Key Growth Highlights:
- Retail Unit Growth: Carvana has shown robust expansion in its core business. In Q3 2025, retail units sold increased by 44% year-over-year to 155,941 units. This follows strong growth of 41% in Q2 2025 and 46% in Q1 2025. For the full year 2024, the company reported a 33% increase in retail units sold, totaling 416,348 units.1
- Revenue Expansion: Revenue growth has been substantial, outpacing unit growth in some periods due to factors like higher average selling prices. Q3 2025 saw a 55% year-over-year revenue increase to $5.647 billion, pushing Carvana's annual revenue run rate past $20 billion for the first time. Revenue grew 42% in Q2 2025 and 38% in Q1 2025. Full year 2024 revenue reached $13.67 billion, up 27% from the prior year.1
- Profitability Improvement: Beyond top-line growth, Carvana has also significantly improved its profitability. Net income for Q3 2025 was $263 million, a 78% increase year-over-year, with a net income margin of 4.7%—more than double the industry average. Adjusted EBITDA also saw substantial gains, reaching $637 million in Q3 2025, up 48% year-over-year.

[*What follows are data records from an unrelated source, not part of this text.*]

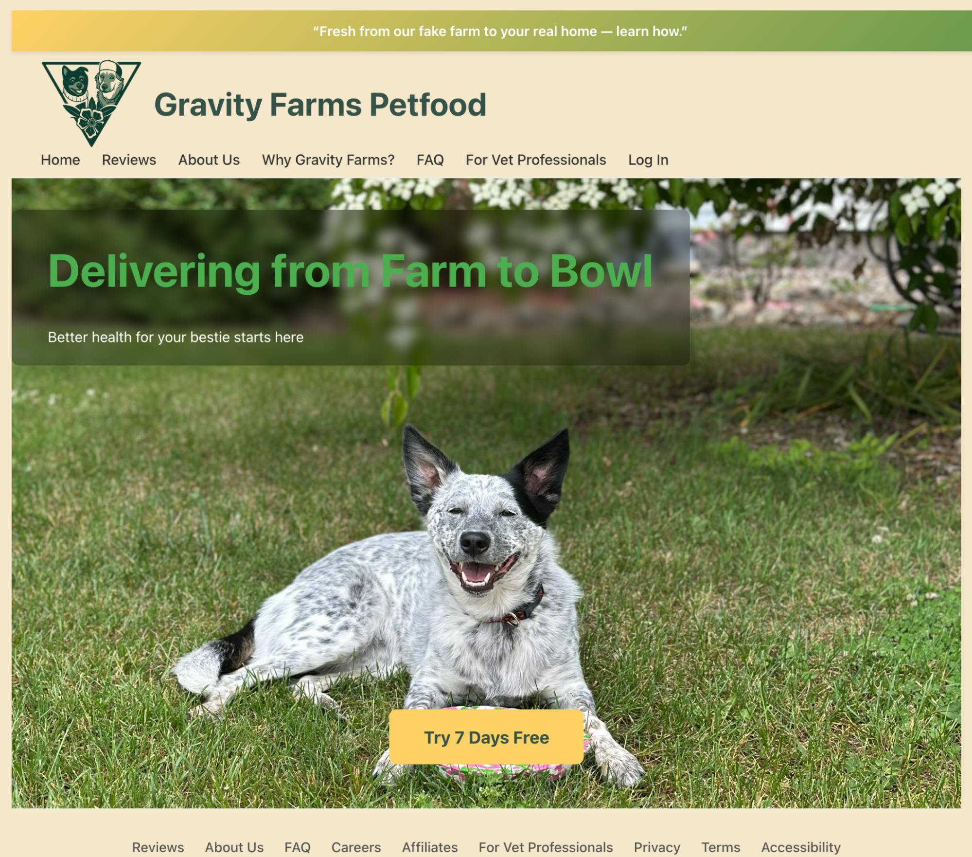 Introducing Gravity Farms Petfood, my fake delivery pet food service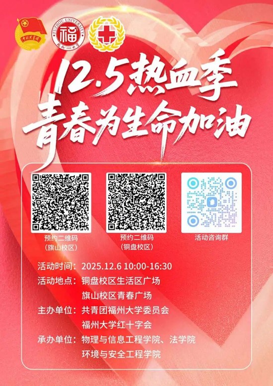 如果你也愿意投身无偿献血的行列,为生命续航、为公益添彩,可加入献血咨询QQ群:138116019 获取最新安排;或于12月6日10:00—16:30前往铜盘校区生活区广场、旗山校区青春广场现场报名,让爱与热血持续传递。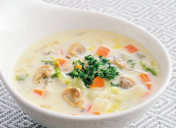 あさりの水煮缶を使ったクリーム系のスープ。 白菜の甘みとあさりの旨みが合わさったホットメニューです。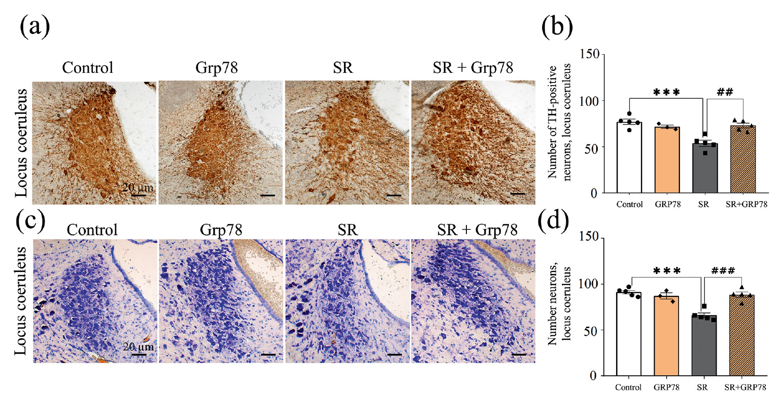 Рис. 3. Интраназальное введение экзогенного GRP78 препятствует дегенерации норадренергических нейронов голубого пятна в модели хронического ограничения сна. (a, c) – репрезентативные микрофотографии голубого пятна, (b) – количество ТГ-позитивных нейронов в голубом пятне, (d) – количество нейронов, окрашенных по методу Ниссля в голубом пятне. Данные представлены как среднее ± ошибка среднего. Control – контрольные животные (n = 5), (Grp78) – введение Grp78 в контрольных условиях (n = 3), Sleep restriction (SR) – ограничение сна в течение 5 дней (n = 5), SR+Grp78 – введение Grp78 в модели хронического ограничения сна (n = 5). Различия между группами в соответствии однофакторным дисперсионным анализом ANOVA с последующим Тьюки post-hoc указаны как: *** p < 0.001 по сравнению с группой контроля; ## p < 0.01, ### p < 0.001 по сравнению с эффектом ограничения сна.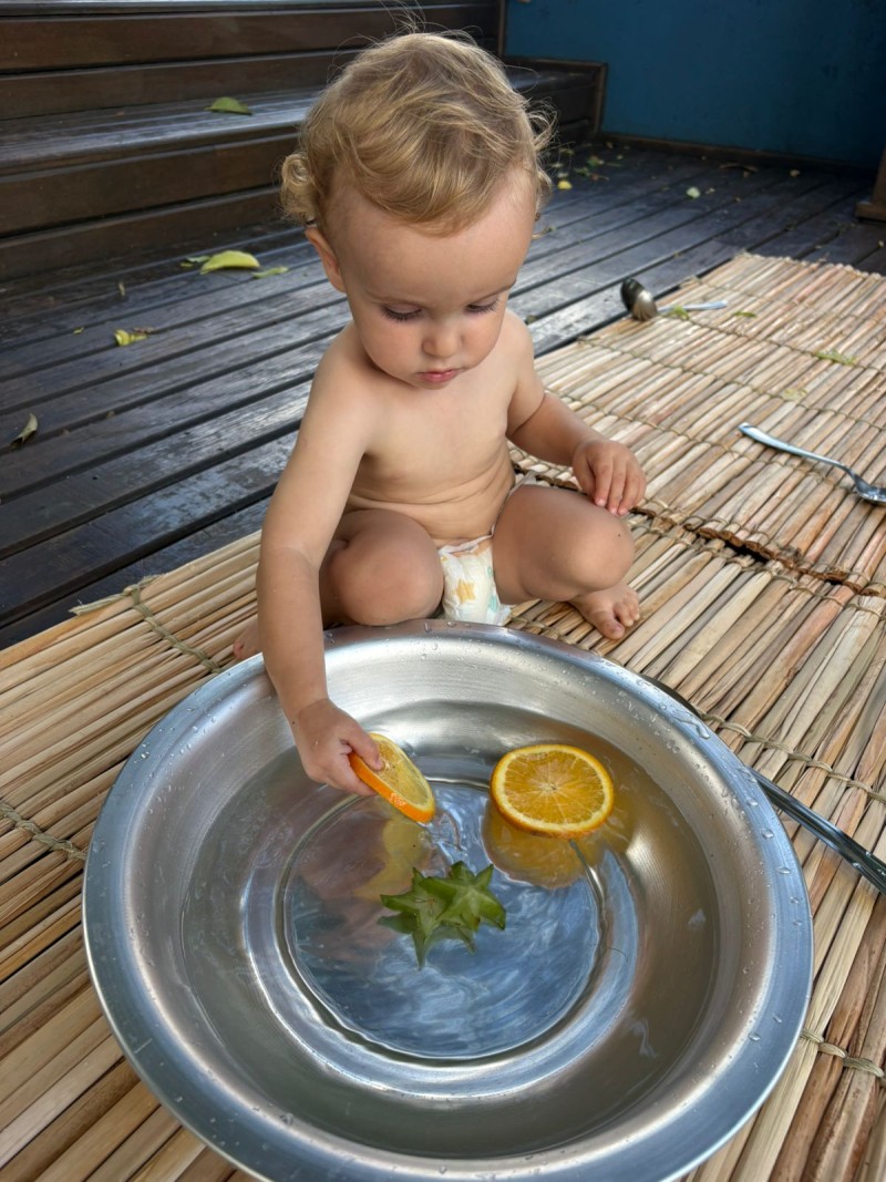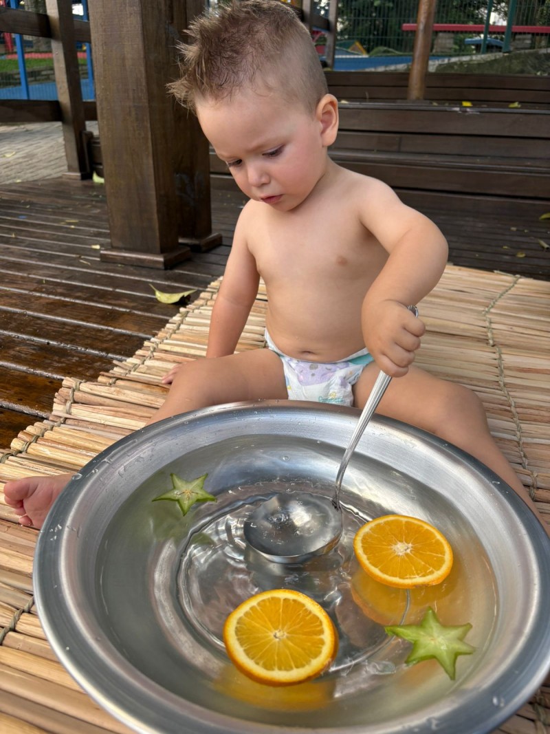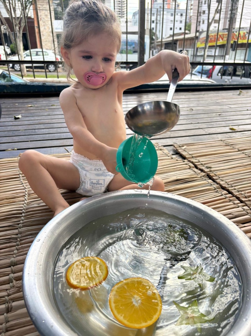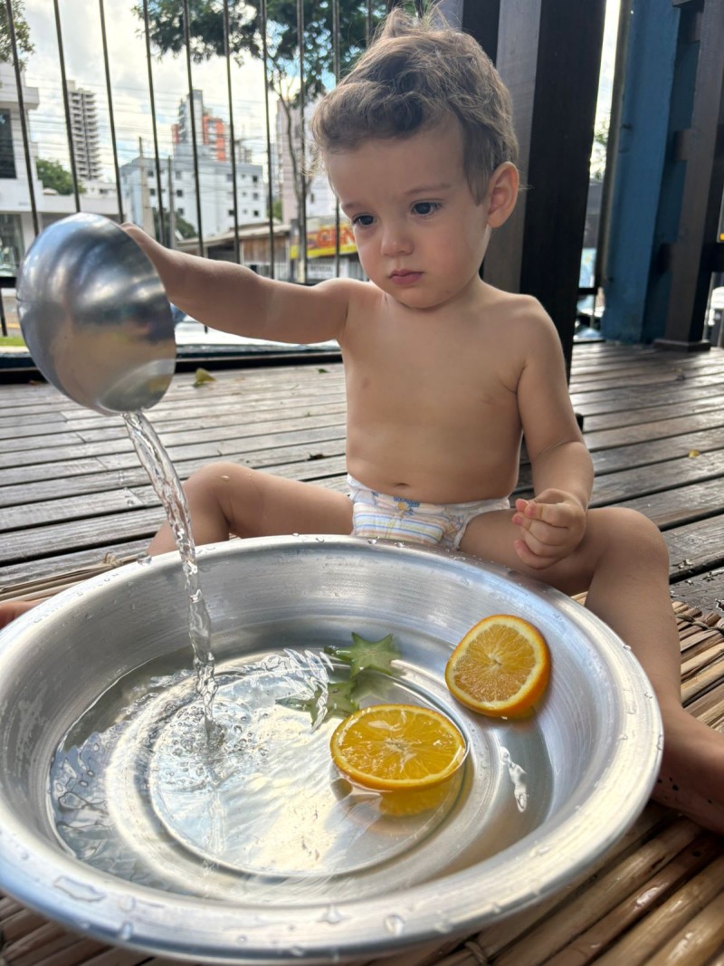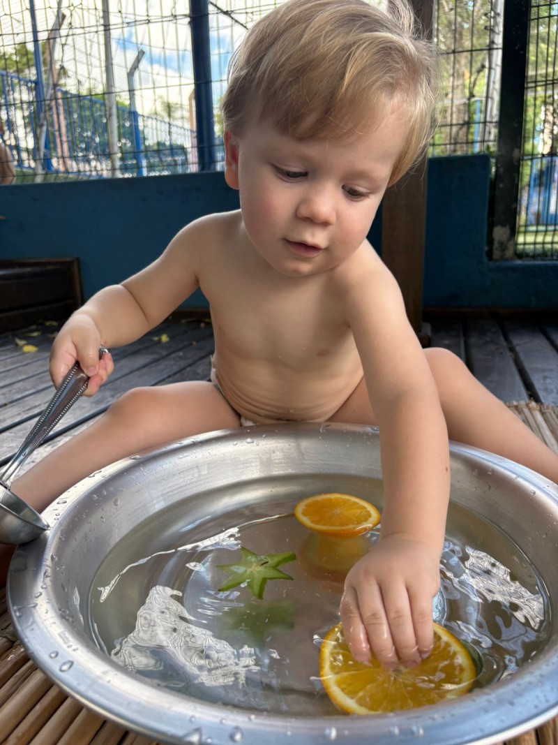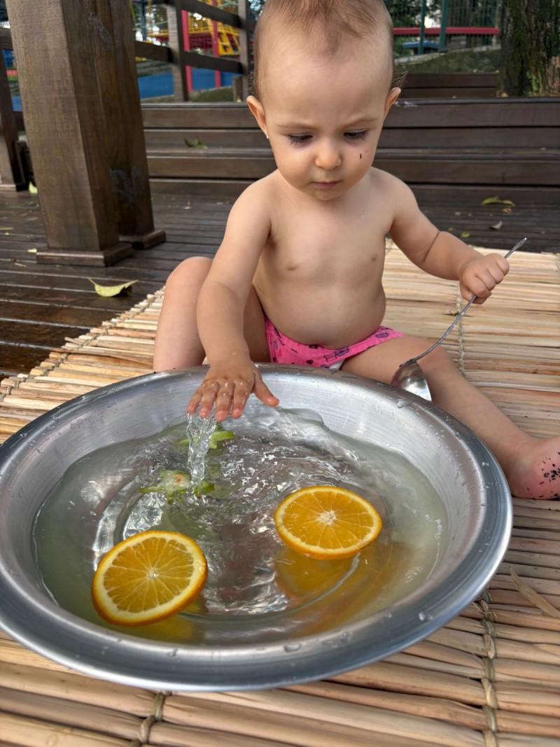 Maternal, exporando o mundo com suas pequeninas mãos. Nesse convite à investigação os bebês descobriram cheiros e diferentes texturas, da turma do Infantil 1 - Professora Kauana. Se o mundo é feito de cheiros, cores, sons e texturas… a infância precisa atravessar tudo isso com o corpo inteiro. Cada momento mexendo na água, com objetos e com as maõzinhas, é um exercício invisível de equilíbrio, coordenação, percepção e autonomia. A criança não aprende só olhando — ela aprende sentindo, experimentando, comparando, ajustando.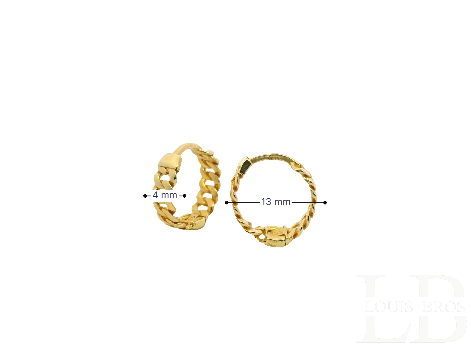 Deze stijlvolle 14-karaat geelgouden oorringen (2.61 gr) zijn ontworpen in een trendy chain-stijl, wat ze een moderne en luxueuze uitstraling geeft. De schakels van de ring zijn elegant met elkaar verbonden, waardoor de oorbellen een speelse maar verfijnde look krijgen.

The company stated it became the most profitable public automotive retailer in US history by Adjusted EBITDA margin in 2024.1
- Future Outlook: Management anticipates continued significant growth in both retail units sold and Adjusted EBITDA for the full year 2025. Carvana has also set an ambitious long-term objective to sell 3 million retail units annually with a 13.5% Adjusted EBITDA margin within the next 5-10 years.2
These figures suggest that Carvana is indeed in a period of significant growth, driven by increasing sales volume and improved operational efficiency.